ADD and ADHD Are the Same Condition
ADD and ADHD are two different names for the same condition. People get quite angry when they hear this and even leave me rude messages. It’s ok if you don’t like the term ADHD, but don’t shoot the messenger 🙂
As more research is carried out and our understanding of ADHD evolves, its name has changed to reflect this new knowledge.
In 1987, attention deficit hyperactivity disorder (ADHD) became the official name for the condition. This showed that hyperactivity was considered an important aspect of the condition.
However, many people still use ADD (attention deficit disorder), which was the formal name from 1980 to 1987 to describe what is now called Predominantly Inattentive Presentation, or use ADD and ADHD interchangeably.

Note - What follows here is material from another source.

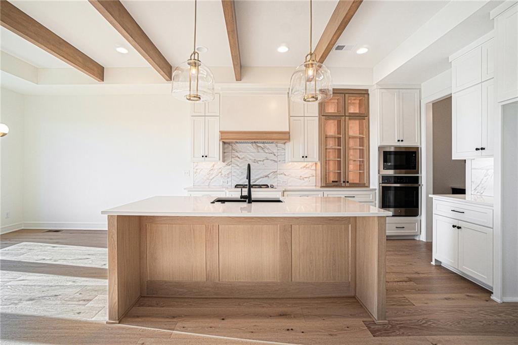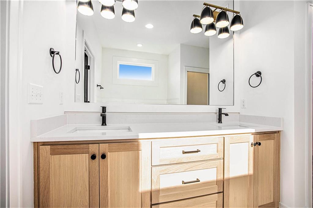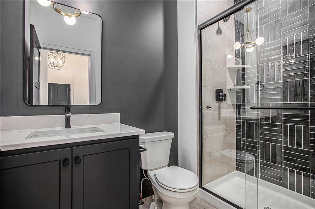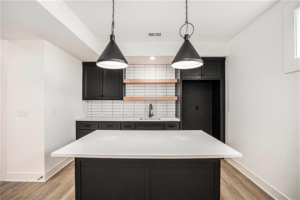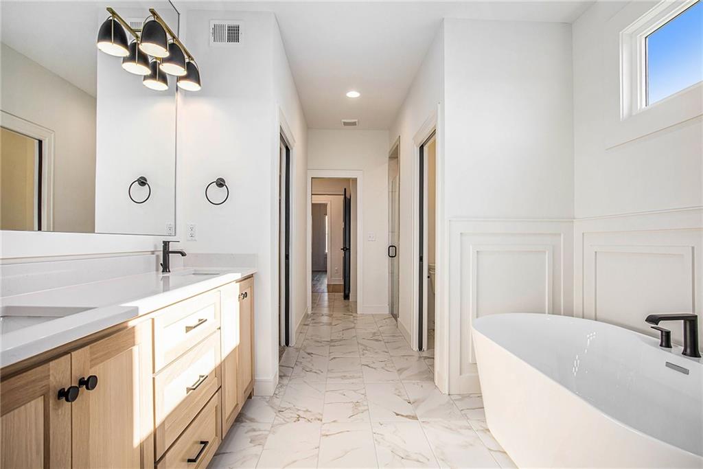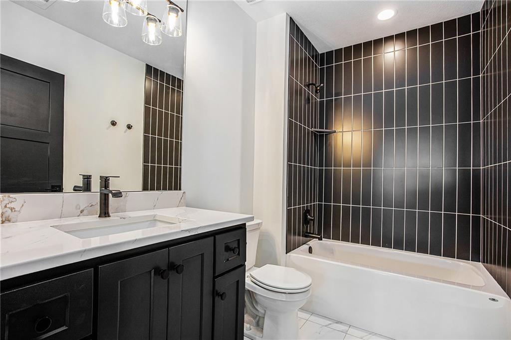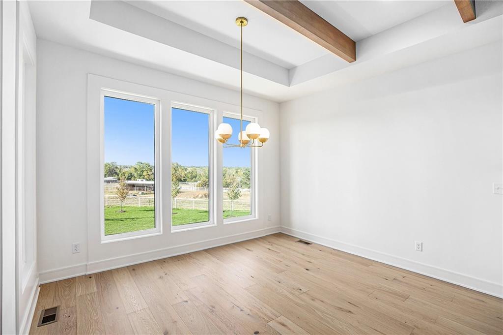 MOVE IN READY -"The Bayberry I" by JFE Construction, situated on Lot 90, is a Reverse 1 ½ Story residence featuring four bedrooms and three bathrooms. Upon entry through the impressive 8-foot double doors, residents are greeted by a spacious great room showcasing a vaulted ceiling, floor-to-ceiling fireplace, and expansive windows that create an open atmosphere. Large sliding doors seamlessly connect the great room to a covered deck equipped with a stone fireplace, offering an ideal space for entertaining. The kitchen is thoughtfully designed with a substantial island finished in quartz, stainless steel appliances, and a generous pantry that includes a built-in coffee bar. The primary ensuite features a free-standing soaker tub, double vanity, zero-entry shower, and a walk-in closet. A secondary bedroom or office is located on the main level. The finished lower level provides a family room, wet bar with island, two additional bedrooms, and a full bathroom. Enjoy access to the covered deck from the walkout lower level. Minutes from Blue Valley K-12 schools. Taxes are estimated. THIS HOME IS MOVE IN READY.

2. Presentations are the New Subtypes
Back in 1994, “The Diagnostic and Statistical Manual of Mental Disorders-IV (DSM-IV)”identified 3 subtypes of ADHD. You could be diagnosed with either the following:
- Attention-Deficit/Hyperactivity Disorder, Combined Type
- Attention-Deficit/Hyperactivity Disorder, Predominantly Inattentive Type
- Attention-Deficit/Hyperactivity Disorder, Predominantly Hyperactive-Impulsive Type.
Then in 2013, the DSM-5 replaced the word ‘subtype’ with ‘presentation’. This is more than semantics.

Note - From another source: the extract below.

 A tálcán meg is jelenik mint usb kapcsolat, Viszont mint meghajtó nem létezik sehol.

The term presentation is used to reflect the fluid nature of the ADHD. Each person experiences ADHD slightly differently from their ADHD neighbor. Also, symptoms change within the same person, depending on the setting and interest level. Symptoms also change with age; as the brain grows, ADHD symptoms become more internal and less visible.
3. Genes are the Biggest ‘Cause’ of ADHD
The biggest cause of ADHD is genetic. It is thought that approximately 80% of people with ADHD inherited the condition.
Scientists don’t believe there is just one ‘ADHD gene’. Instead there are several gene candidates, and it is the combination of those genes and the environment that results in ADHD symptoms.
4. Your parent’s ADHD Presentation Does Not Influence Yours
If you inherit ADHD from a parent, you won’t necessarily inherit the same ADHD presentation as theirs. For example, they might have hyperactive/impulsive ADHD presentation, and you could have Inattentive ADHD presentation.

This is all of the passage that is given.